_Exercise data_
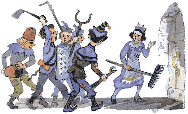 На следующий день кухарка принялась за дело. Слуги были очень запуганы Бастиндой, и нелегко было уговорить их выступить против волшебницы. Однако Фрегоза сумела убедить кое-кого из дворцовой охраны, и посвященные в заговор Мигуны стали готовиться.
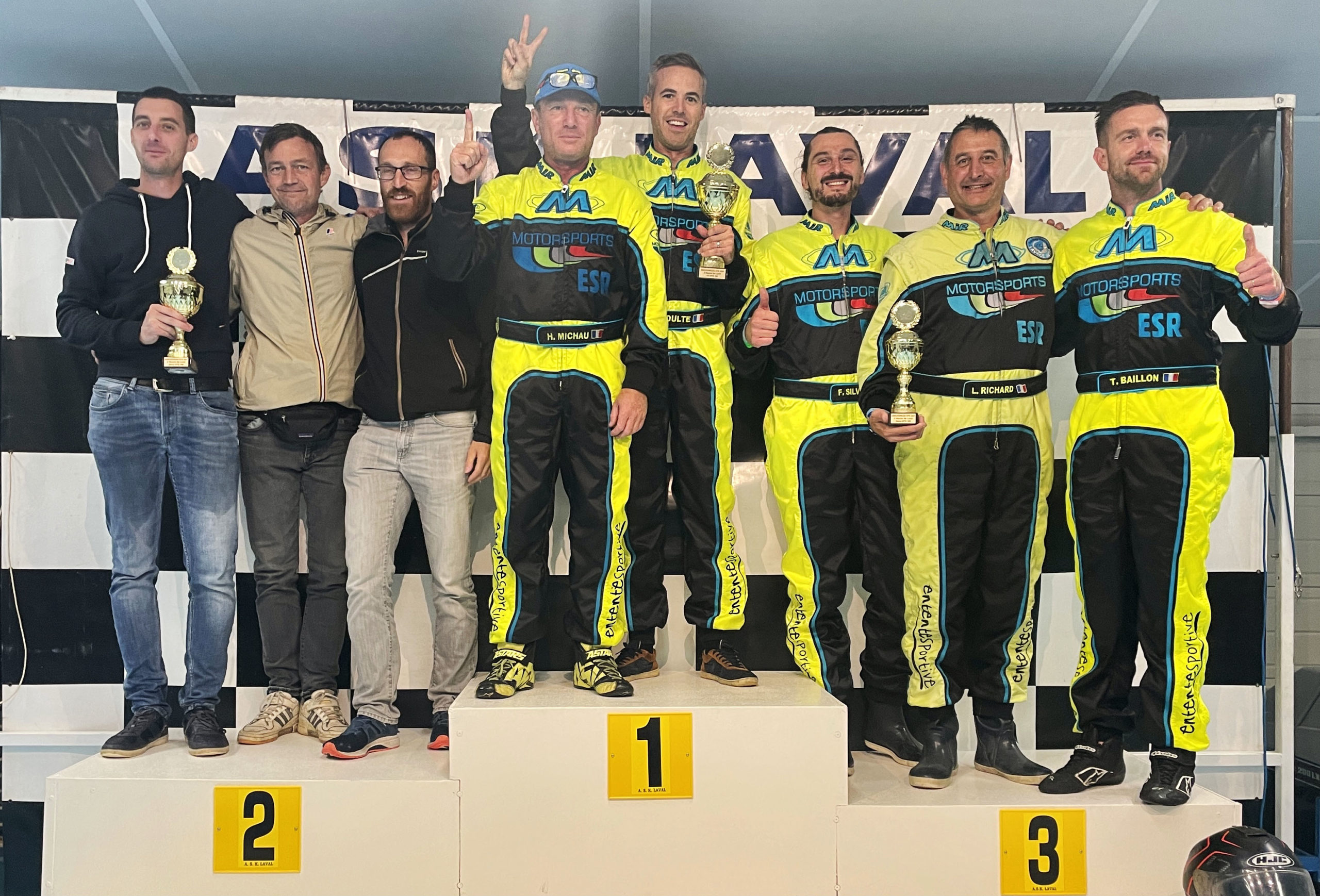 KART ACCESS (Théau KERYJAOUEN – Maxime LELLIG – Florent RICHARD) en tête depuis plus de 30 tours remporte ainsi les 6 Heures de Laval devant MRK 3 (Alizée GUILMAIN – Olivier PARIS) et MRK 1 (Flavio HERITEAU – Kevin MERCIER) formant également le podium KFS 145.
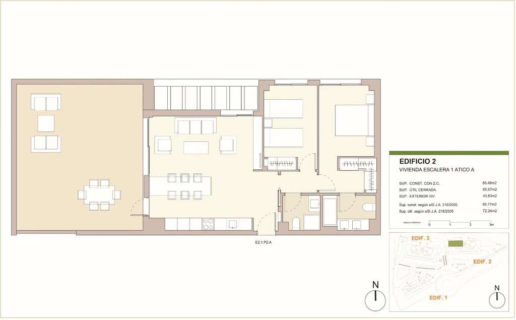 Conjunto residencial de obra nueva en Casares compuesto por 47 viviendas plurifamiliares y áticos de 1, 2 y 3 dormitorios. Cada vivienda dispone de garaje y trastero incluidos.
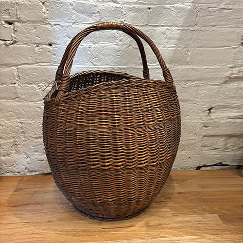 This beautifully woven vintage basket features a timeless silhouette and rich, natural patina developed through years of use. Crafted with sturdy wicker and a gracefully arched handle, it reflects traditional handwoven craftsmanship and everyday utility. The generous size and rounded shape make it both functional and decorative.
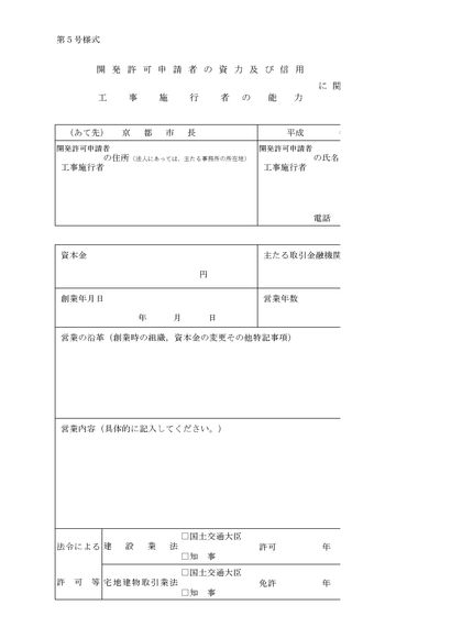 開発許可申請書の資力及び信用に関する申告書(京都市)
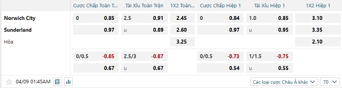 Tip kèo Châu Á full trận Norwich vs Sunderland
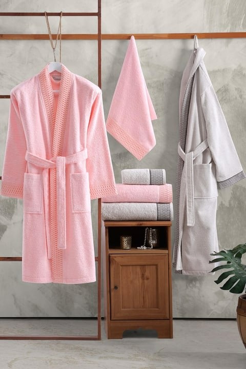 İyi Geceler İstanbul Emily Aile Bornoz Seti, %100 pamuklu dokusu ve kaliteli ring iplik dokuma yöntemi ile sizlere konforlu bir kullanım sunuyor. Hem erkek hem de kadın bornozu ile şıklığı bir arada sunan bu set, aynı renk ve dokudaki havlularıyla banyolarınıza zarif bir dokunuş katıyor.
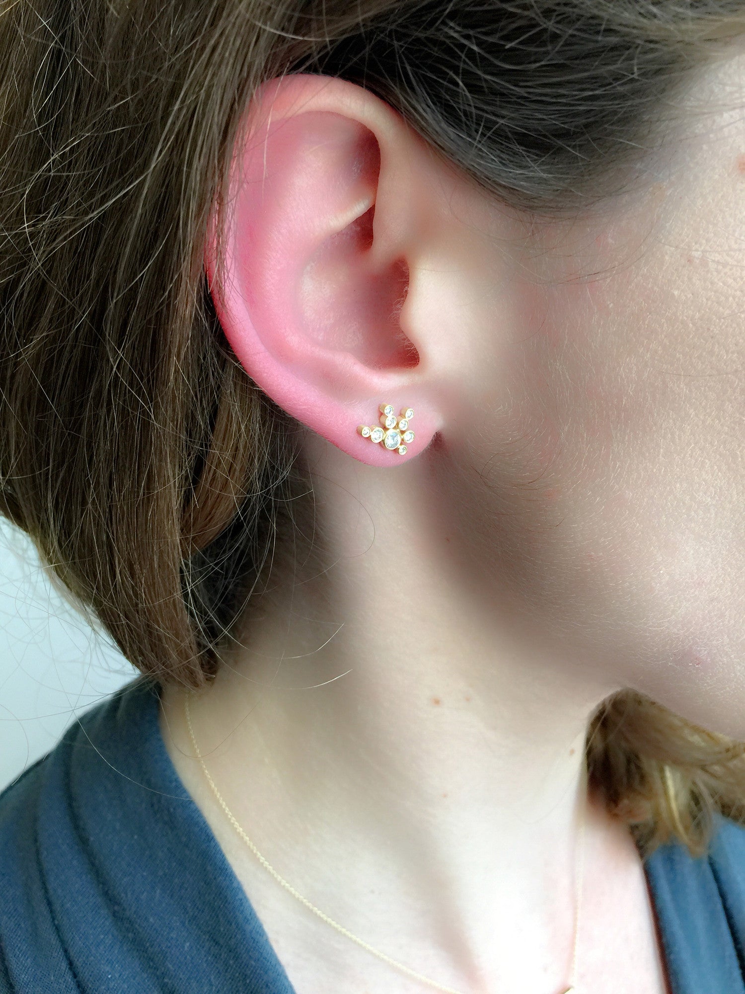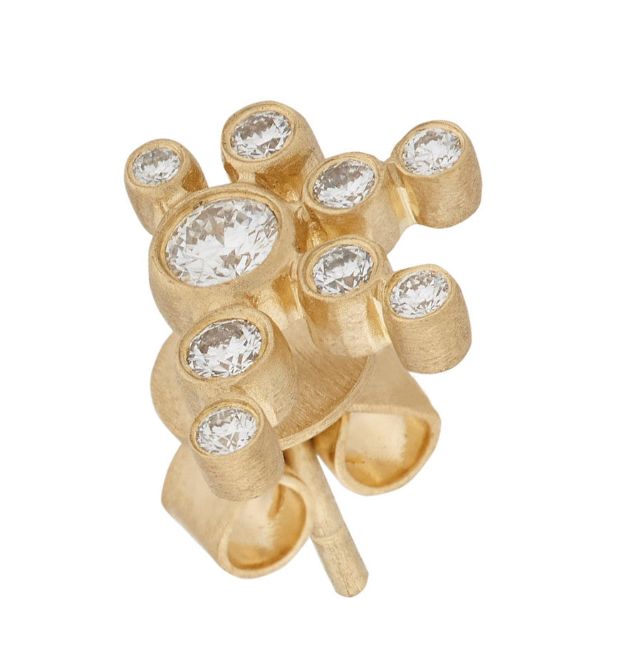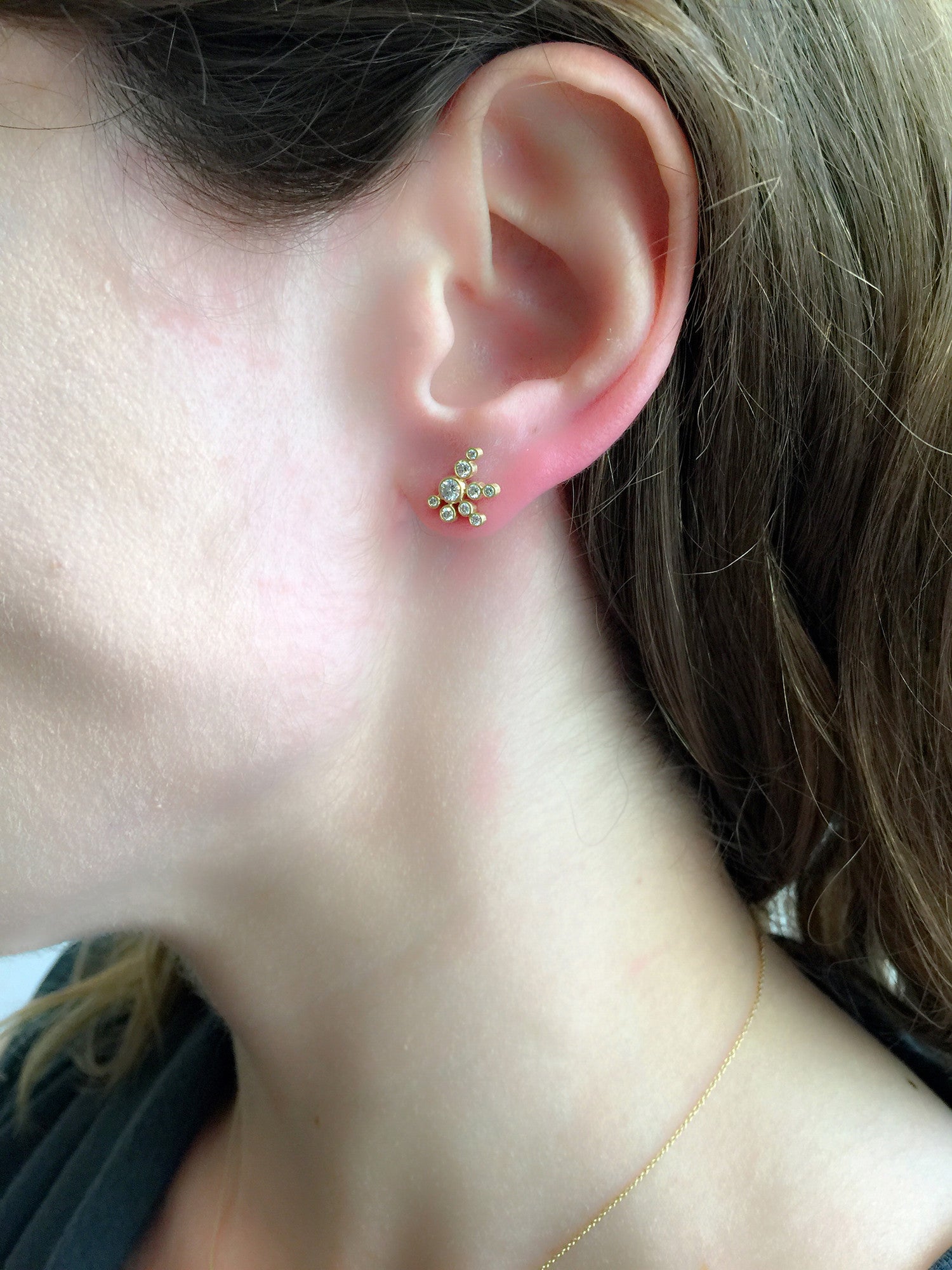 Nine white diamonds set in 18 kt. Yellow Gold - 0,23 ct. Top Wesselton VVS Diamonds. Hook back for pierced ears.

_Exercise_
Every entry must be transcribed exactly. Pictures do not belong in the copy.

_Answer for the task_
 На следующий день кухарка принялась за дело. Слуги были очень запуганы Бастиндой, и нелегко было уговорить их выступить против волшебницы. Однако Фрегоза сумела убедить кое-кого из дворцовой охраны, и посвященные в заговор Мигуны стали готовиться.
 KART ACCESS (Théau KERYJAOUEN – Maxime LELLIG – Florent RICHARD) en tête depuis plus de 30 tours remporte ainsi les 6 Heures de Laval devant MRK 3 (Alizée GUILMAIN – Olivier PARIS) et MRK 1 (Flavio HERITEAU – Kevin MERCIER) formant également le podium KFS 145.
 Conjunto residencial de obra nueva en Casares compuesto por 47 viviendas plurifamiliares y áticos de 1, 2 y 3 dormitorios. Cada vivienda dispone de garaje y trastero incluidos.
 This beautifully woven vintage basket features a timeless silhouette and rich, natural patina developed through years of use. Crafted with sturdy wicker and a gracefully arched handle, it reflects traditional handwoven craftsmanship and everyday utility. The generous size and rounded shape make it both functional and decorative.
 開発許可申請書の資力及び信用に関する申告書(京都市)
 Tip kèo Châu Á full trận Norwich vs Sunderland
 İyi Geceler İstanbul Emily Aile Bornoz Seti, %100 pamuklu dokusu ve kaliteli ring iplik dokuma yöntemi ile sizlere konforlu bir kullanım sunuyor. Hem erkek hem de kadın bornozu ile şıklığı bir arada sunan bu set, aynı renk ve dokudaki havlularıyla banyolarınıza zarif bir dokunuş katıyor.
 Nine white diamonds set in 18 kt. Yellow Gold - 0,23 ct. Top Wesselton VVS Diamonds. Hook back for pierced ears.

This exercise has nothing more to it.